◆ **About this exercise**
Write every line below out again, exactly as given, but leave out the pictures.

◆ **Data segment**

------------------------------------

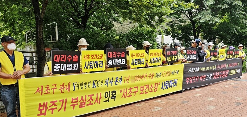 시민단체, 서초구보건소 앞 기자회견…보건감독 실효성 지적
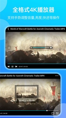 - 全格式4k播放器,支持手势调整音量,亮度,快进等操作
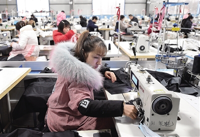 2月13日,在宣恩县高罗镇歌乐城社区一服装加工厂,工人忙碌在生产线上。

------------------------------------

◆ **Solution**
 시민단체, 서초구보건소 앞 기자회견…보건감독 실효성 지적
 - 全格式4k播放器,支持手势调整音量,亮度,快进等操作
 2月13日,在宣恩县高罗镇歌乐城社区一服装加工厂,工人忙碌在生产线上。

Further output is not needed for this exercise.